In last Friday’s email, I said, “Unrecognized risk gets most of the attention, but believing in a risk that isn’t real is equally dangerous and often more damaging.”
Members of our Daily Discipline Community asked me to expand on that topic. Instead of keeping it limited to the community, I’m sharing it here for all of you who are not members. But just in case, join our free private community so you don’t miss out next time.
Ok, so about unrecognized risk vs believing in a risk that isn’t real.
There are two main ways to miscalculate risk:
- Fail to see real risk
 
- Believe in risk that isn’t real.
 
Here’s the simplest way to understand each and its cost.
When you fail to see real risk, that risk punishes you. Maybe not immediately, but eventually. That’s how real risk works. With enough exposure, it will get you one day. It’s like walking on ice you don’t know is thin.

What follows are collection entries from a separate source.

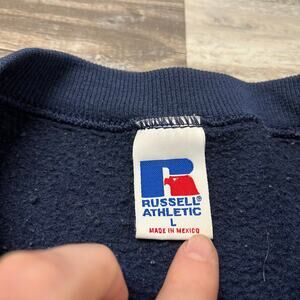 Vintage Y2K Russell Athletic Navy Blue Mens L Blank Fleece Pullover Sweatshirt
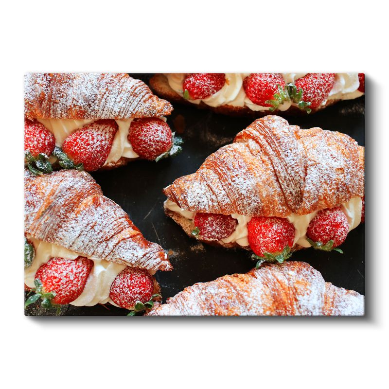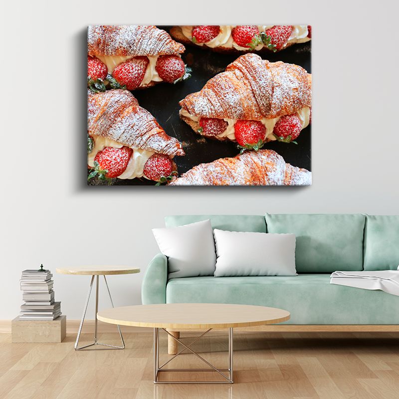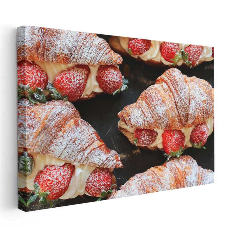 Çilekli Kruvasan - Pudra Şekerli Tatlı Lezzet Kanvas Tablo
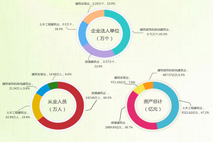 建筑业企业法人单位中,房屋建筑业占22.3%,土木工程建筑业占18.3%,建筑安装业占16.0%,建筑装饰和其他建筑业占43.3%。
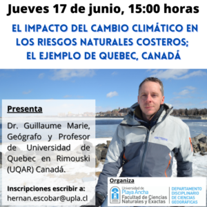 El Departamento Disciplinario de Ciencias Geográficas, dependiente de la Facultad de Ciencias Naturales y Exactas de la Universidad de Playa Ancha, invita a la conferencia titulada «El impacto del cambio climático en los riesgos naturales costeros: El ejemplo de Quebec, Canadá», que dictará el geógrafo y académico de la Universidad de Quebec, Dr. Guillaume Marie.
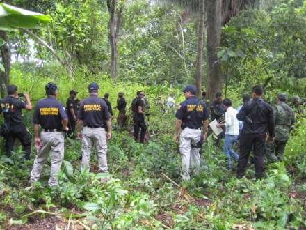 En cumplimiento de la orden de cateo número 34/2014 otorgada por el Juzgado Segundo del Ramo Penal del Poder Judicial del estado, efectivos de la Policía Federal Ministerial (PFM), la Agencia de Investigación Criminal (AIC), la Gendarmería Nacional y la Policía Estatal Fronteriza llegaron hasta ese sitio.
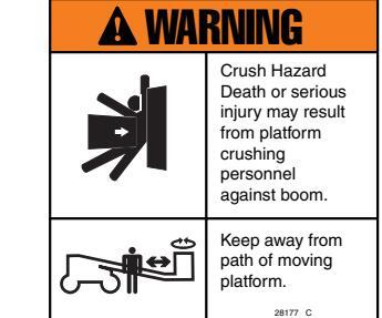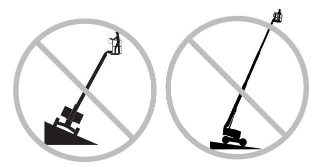 只當機器在堅固、平坦的地面上時才能升起或延伸伸 展臂。
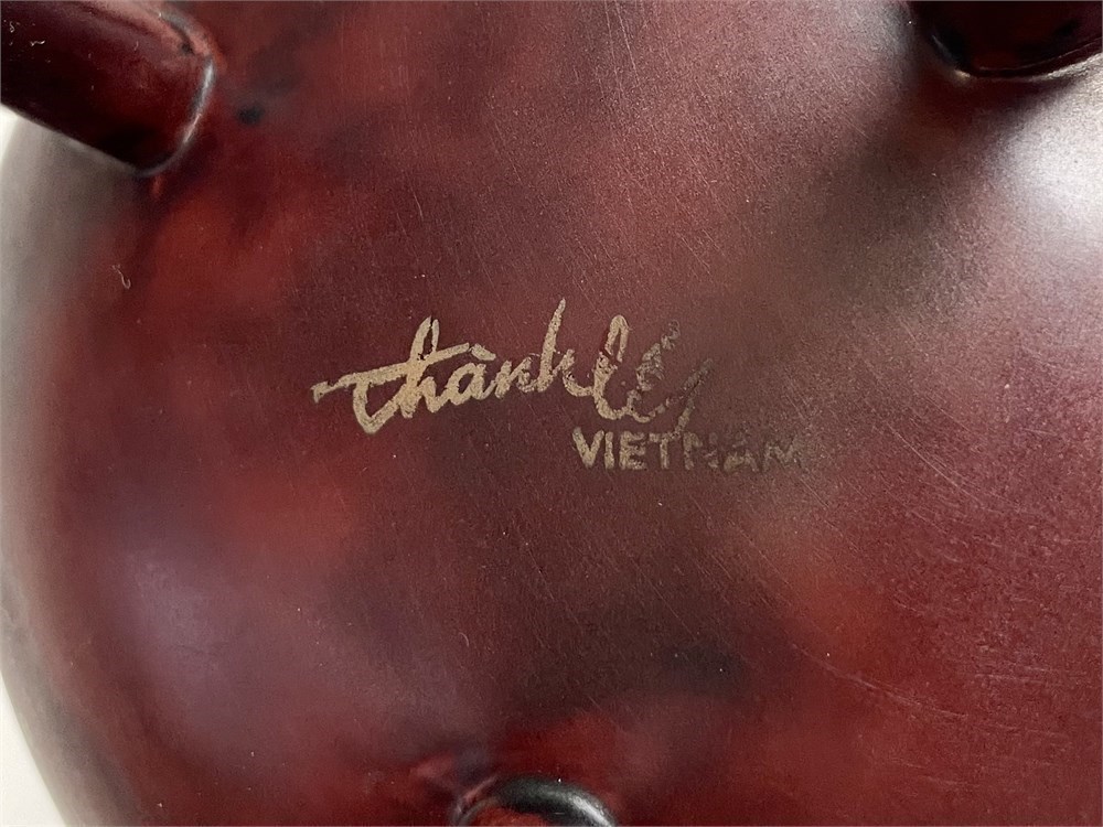 A three-legged wood bowl, painted with koi fish on the outside, and lacquered on the inside.  Signed on the bottom: Thanhl??, Vietnam.  Mostly good condition, a short crack on the underside of the lid.
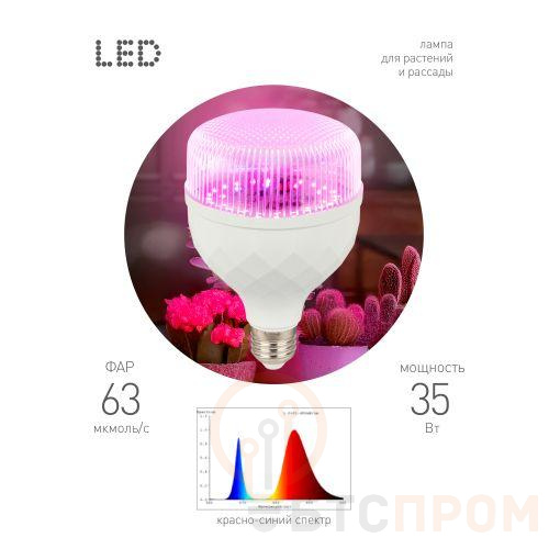 Мощная фитолампа красно-синего спектра — надёжный помощник в выращивании рассады, комнатных цветов, зелени и пасленовых. Создаёт комфортные условия для роста и развития растений, стимулируя набор питательных веществ и рост листьев. Мощность — 35 Вт. Цоколь — Е27. Рекомендуемое расстояние до листьев — 30–60 см. Время освещения — 8–14 часов, с темновой фазой 7 часов. Лампа излучает сбалансированный свет с соотношением синего и красного спектров 1:3, что способствует укреплению стеблей и росту плотных листьев. Использование прозрачного поликарбонатного рассеивателя повышает эффективность светового потока. Лампа является часть линейки ЭРА Green Line, объединившей базовые фитопродукты для профессионального выращивания растений в домашних условиях.

When you believe in risk that isn’t real, you punish yourself. You avoid imagined risks that were never real enough to damage you. You aim low, don’t try, and cut yourself off from rewarding experiences. It’s like refusing to walk across thick ice because you’ve convinced yourself you’re going to fall in.
You cannot perfectly calculate risk. No one can. But you can get better at it.
You can get more disciplined at evaluating risk, more skilled at recognizing real risk, and more courageous to discard your fears based on fake risks.
Event + Response = Outcome. Do the work.